The CIA gave Senate Intelligence Committee staffers access to its data offsite—in a leased facility the CIA controlled.

It sounds like something out of Homeland: at a secret location somewhere off the campus of the CIA, the agency leases a space and hires contractors to run a top-secret network, which it fills with millions of pages of documents dumped from the agency’s internal network. But that’s apparently exactly what the CIA did for more than three years as part of an agreement to share data with the staff of the Senate Select Committee on Intelligence on its controversial detention and interrogation program.

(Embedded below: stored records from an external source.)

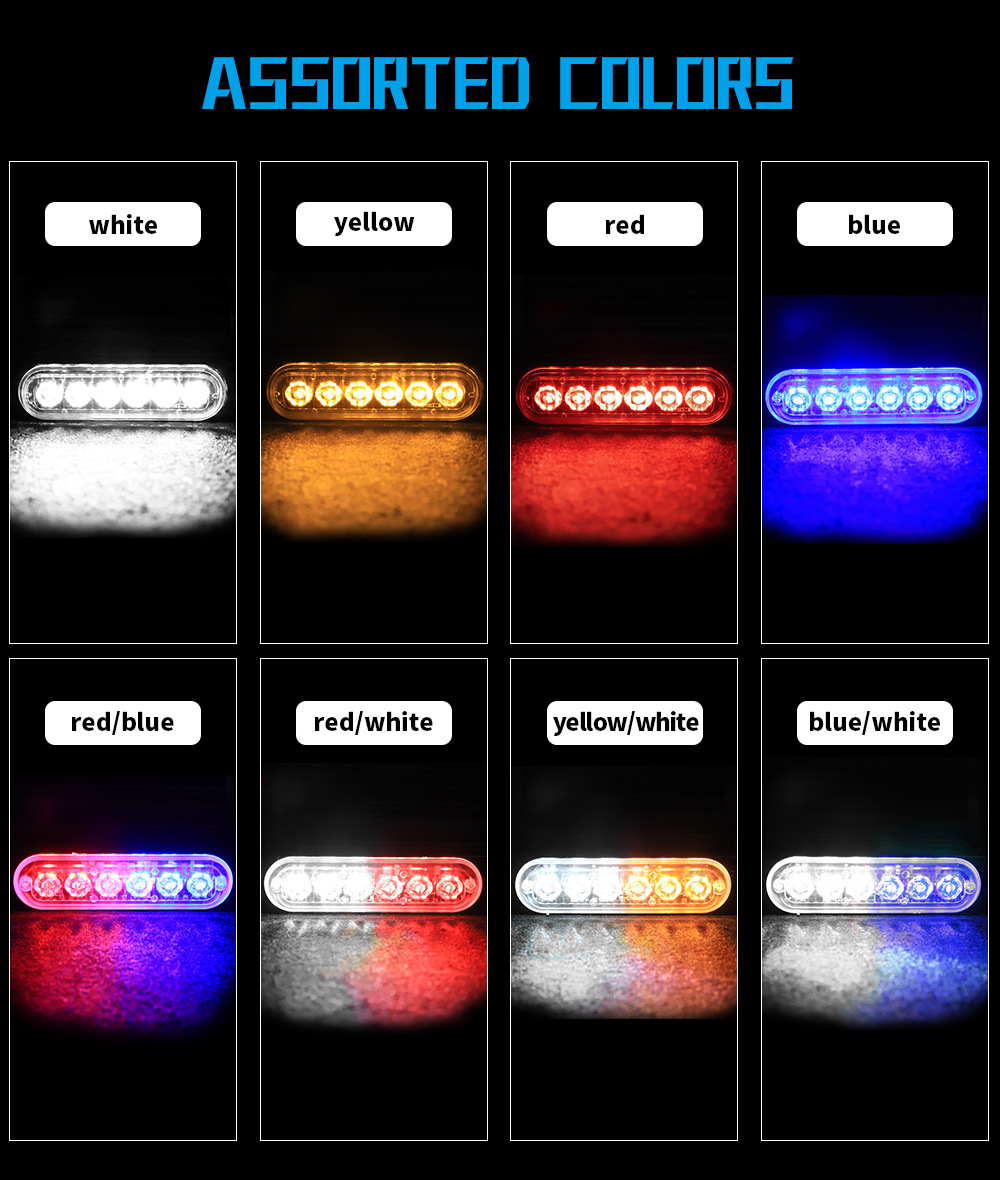 China auto parts 12V - 24V 6LED car emergency Red blue green amber 12 led grille strobe light warning light Traffic light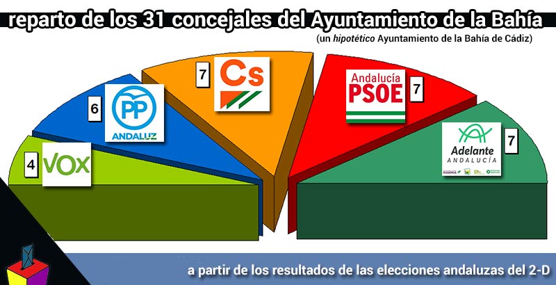 Partiendo del censo electoral de las elecciones autonómicas del pasado 2 de diciembre, en la Bahía gaditana hay más de 541.000 electores, una cifra cercana a los 587.000 que aparecen en el censo de la ciudad de Sevilla. Precisamente, el Ayuntamiento de la capital andaluza sirve de referencia para nuestro ‘juego’: con dicha población está conformado, por ley, por 31 concejales, los mismos por lo tanto que ese hipotético Consistorio de la Bahía.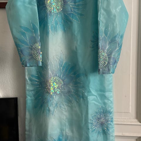 3 dele, skjorte, sjal og bukser. Skjorten er broderet foran og bagpå. Skjortens halsudskæring er dekoreret med perler. Sjalen er dekoreret med smuk blonde og hængende perler, skjorten har en slids foran, kun til engangsbrug.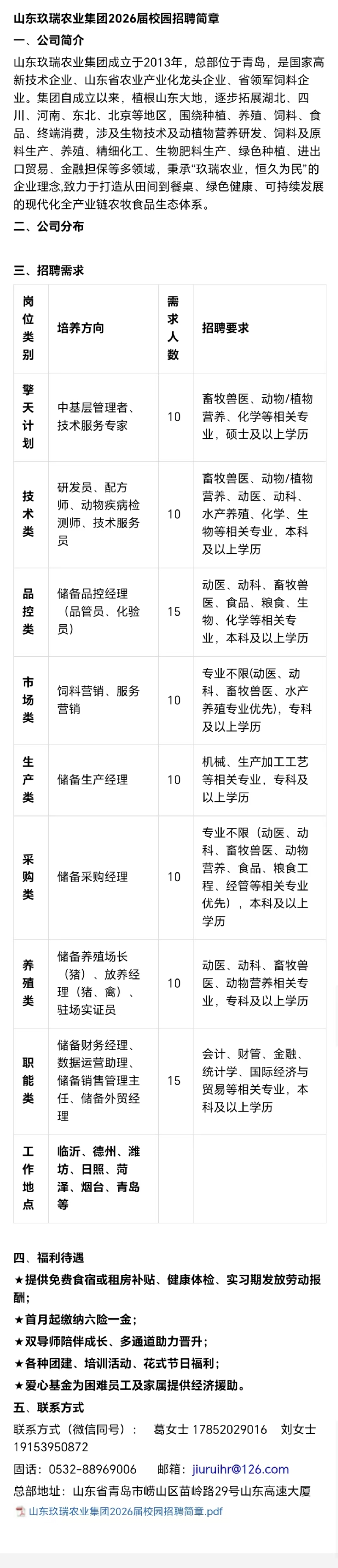 招聘 山东玖瑞农业集团2026届校园招聘简章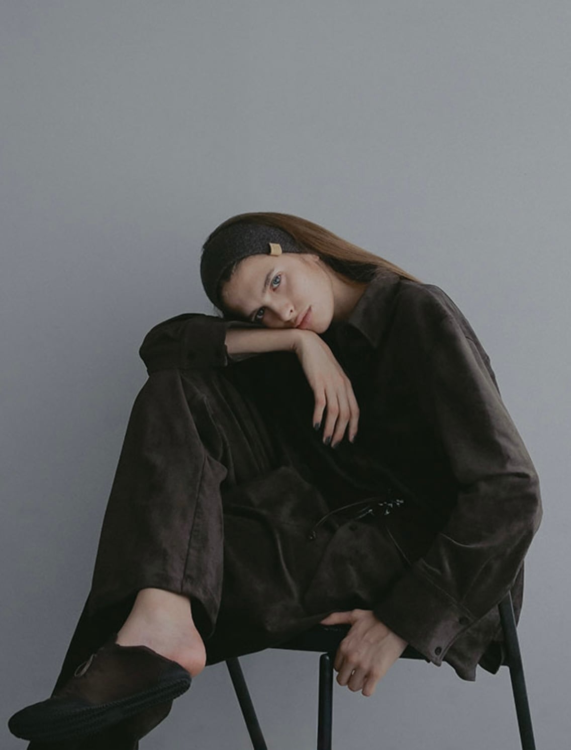 ほんのり起毛したスウェードタッチのポリエステル生地にポリウレタンをブレンドし、柔らかくしなやかな落ち感を実現。
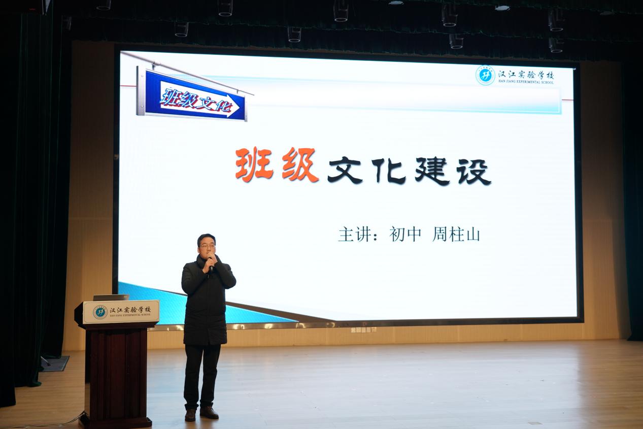 少先队大队辅导员、小学部数学教师彭钰,校团委书记、初中部数学教师周兵分析了班主任的多样角色,由班主任细化到分钟的各项工作展示了班主任的一日常规工作内容;小学部数学教师许敏、初中部英语教师全小珊讲述了自己从事班主任工作以来的心路历程和有趣的小故事,将班主任这份工作中掺杂的不易与辛劳、幸福与享受展现地淋漓尽致。小学部英语教师程思祺分享了自己有目标、有方向、有制度,宽严相济,严爱结合的班级管理模式,初中部语文教师周柱山分享了对班级文化的见解和班级文化建设的经验,让老师们了解到特色班级文化建设的重要性。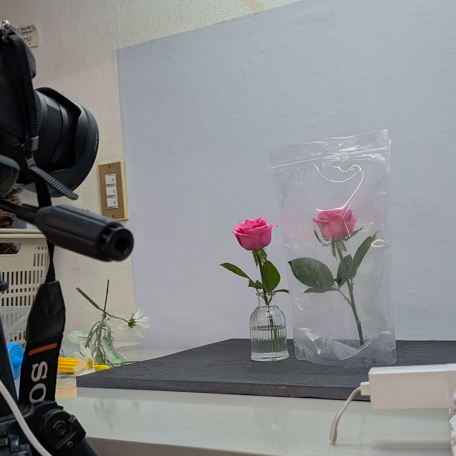 当社のブースでは、生花のノベルティを配布して、日常に花を取り入れる楽しさをお伝えします。袋から出して楽しむ際の方法として、花瓶や適した花の活け方、バランスやコツなどもご紹介します。季節の花やさまざまな種類を実際に見て触れながら体験し、家のどこにどう取り入れられるかを想像してください。また、水入りの花瓶よりも、当商品を袋のまま置いておく方がより新鮮で長持ちすることを、並べて比較した枯れ方の実験映像で確認できます。
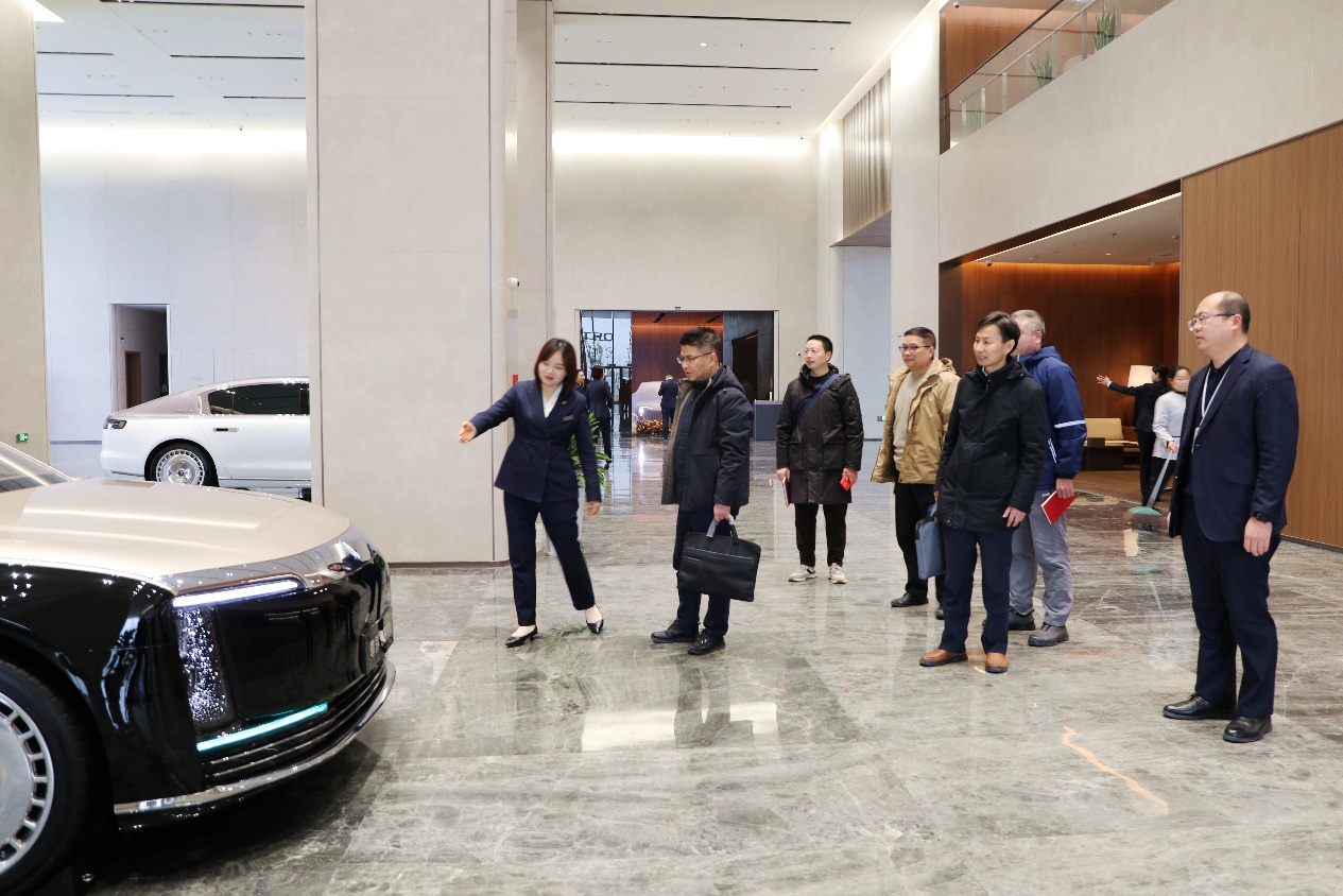 交流伊始,晏祥一行在企业相关负责人的陪同下,实地观摩了尊界超级工厂体验店,近距离感受江汽集团在智能制造、产品研发等方面的硬核实力与发展成就,对企业先进的生产理念和技术创新能力给予高度评价。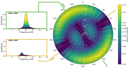 Polar spectral plot of the data measured with the sensor on the Minaret stalagmite (STAL) oriented N52° E (Y-axis). The radius axis shows the frequency from 11 to 16 Hz. Black lines highlight the variations in the color-mapped spectral amplitude. On the left, two examples of spectra are shown.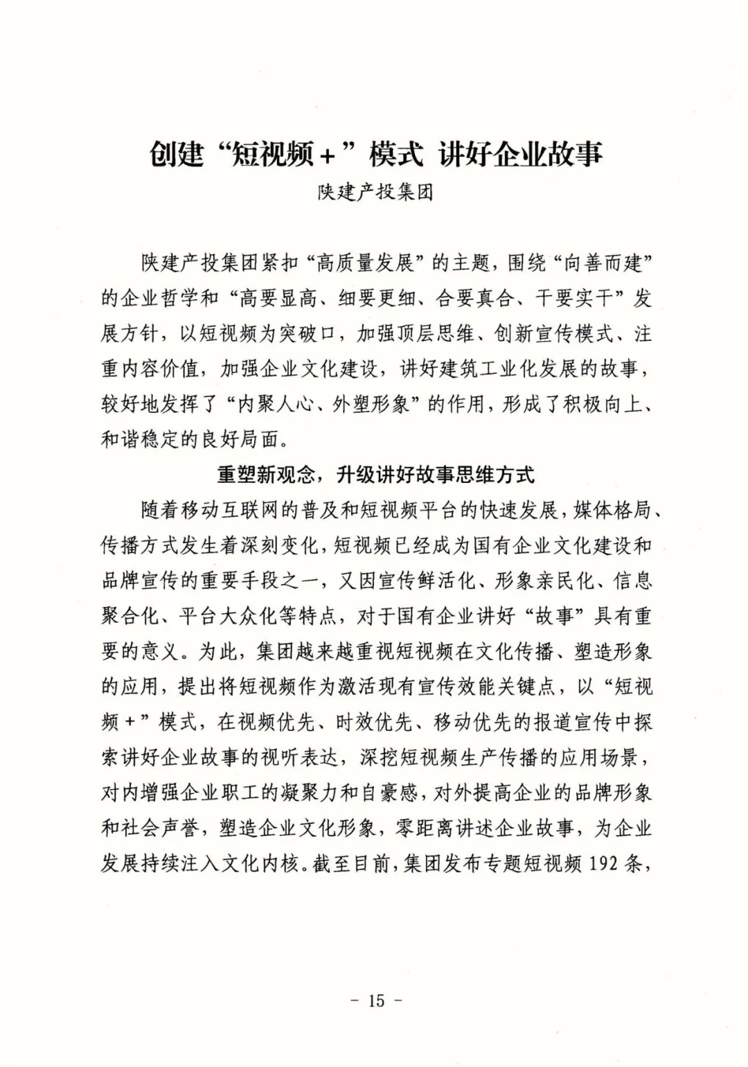近日,陜西省國資委印發(fā)的第5期“企業(yè)文化建設專項提升行動工作簡報”,對陜建產投集團企業(yè)文化建設工作中運用“短視頻+”模式進行了重點經驗分享,讓我們一起看看吧!

And it’s also how the agency was able to gain access to the computers and shared network drive used by committee staffers in a search that Senator Diane Feinstein contended today crossed multiple legal and constitutional boundaries. In a speech on the Senate floor this morning, Feinstein detailed the strange arrangement and accused the CIA of breaking its agreement with the committee on multiple occasions. She also accused the agency of reportedly filing a criminal report against committee staffers with the Justice Department in “a potential effort to intimidate this staff.”
The details shared by Feinstein show the length to which the CIA went to try to control the scope of the data that was shared with Senate staffers—and still managed to give them more than some officials in the agency wanted to.

Even with multiple levels of oversight, the CIA managed to hand over the data along with an internal review of that very data, which included the agency’s own damning assessment of the interrogation program.